## [Excerpted data]
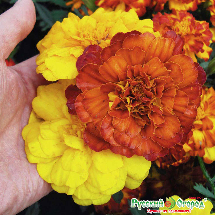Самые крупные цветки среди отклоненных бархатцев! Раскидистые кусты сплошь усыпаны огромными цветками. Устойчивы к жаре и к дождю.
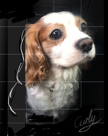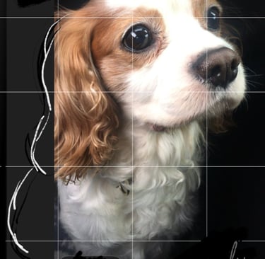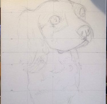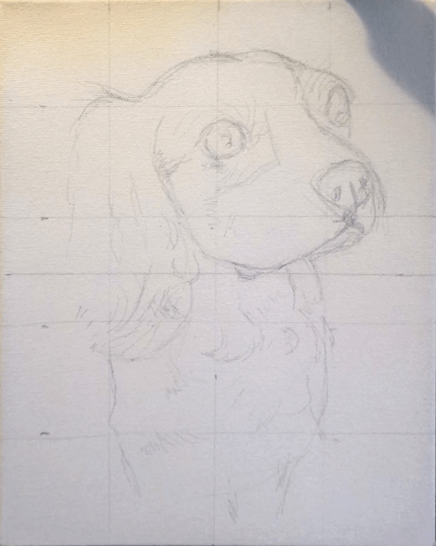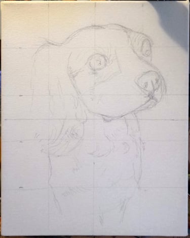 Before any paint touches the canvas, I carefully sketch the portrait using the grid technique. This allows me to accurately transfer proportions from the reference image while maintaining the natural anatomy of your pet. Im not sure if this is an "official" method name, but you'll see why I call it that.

...

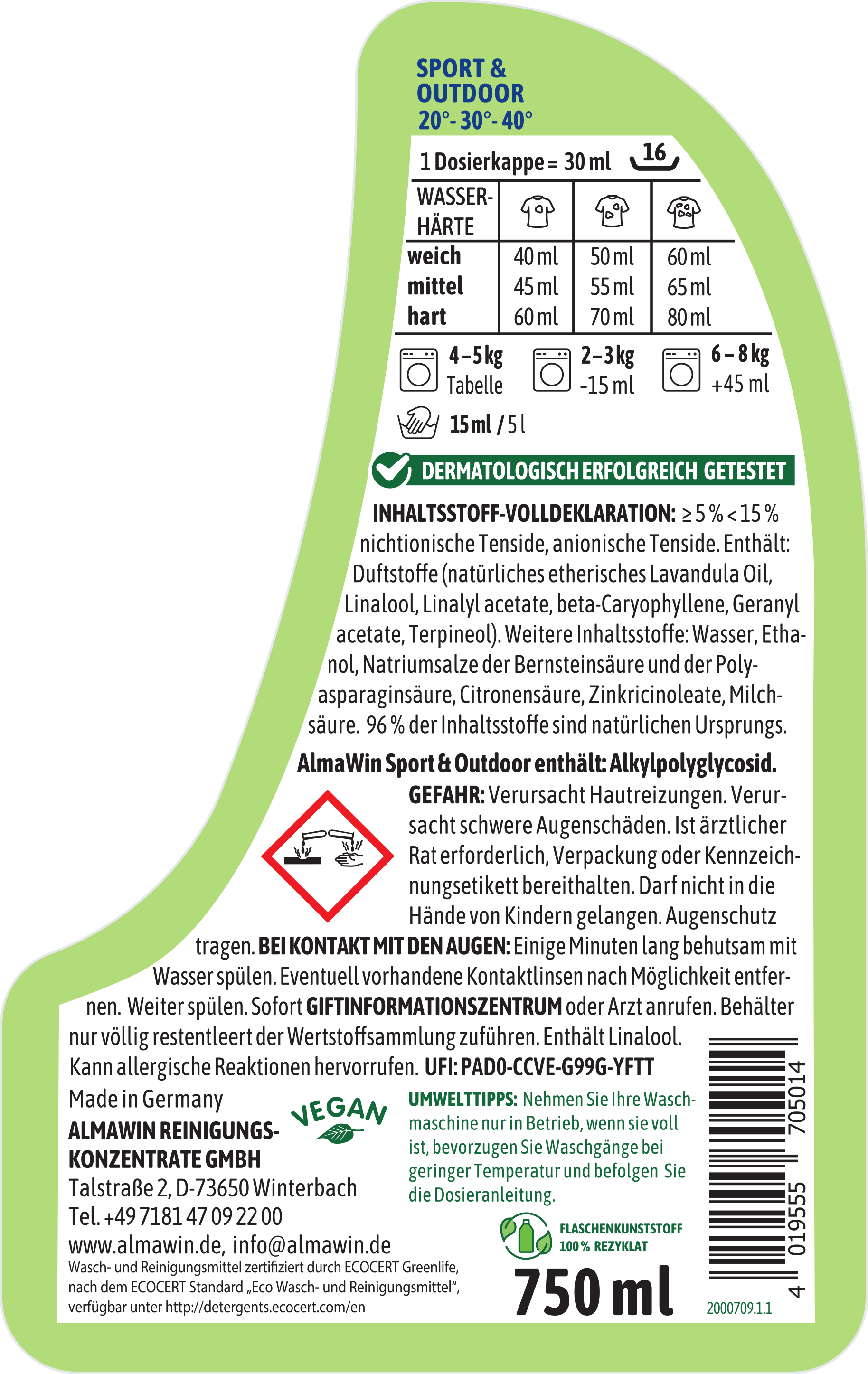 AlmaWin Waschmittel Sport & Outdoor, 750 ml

==

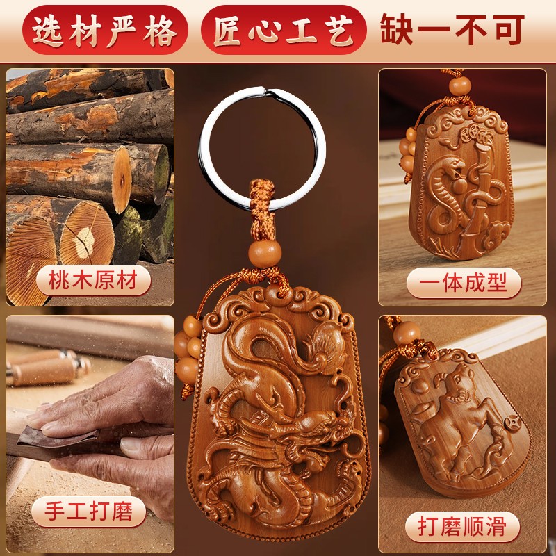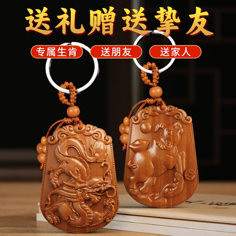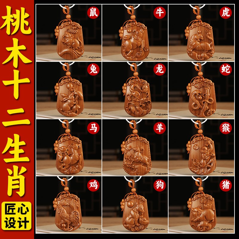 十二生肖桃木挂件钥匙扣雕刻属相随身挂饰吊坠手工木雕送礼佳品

## [Problem statement]
Would you give again, exactly, the lines in the data above that run from the line containing "Самые крупные цветки" to the line containing "Before any paint"? Include both ends and no pictures.

## [Solution to this exercise]
Самые крупные цветки среди отклоненных бархатцев! Раскидистые кусты сплошь усыпаны огромными цветками. Устойчивы к жаре и к дождю.
 Before any paint touches the canvas, I carefully sketch the portrait using the grid technique. This allows me to accurately transfer proportions from the reference image while maintaining the natural anatomy of your pet. Im not sure if this is an "official" method name, but you'll see why I call it that.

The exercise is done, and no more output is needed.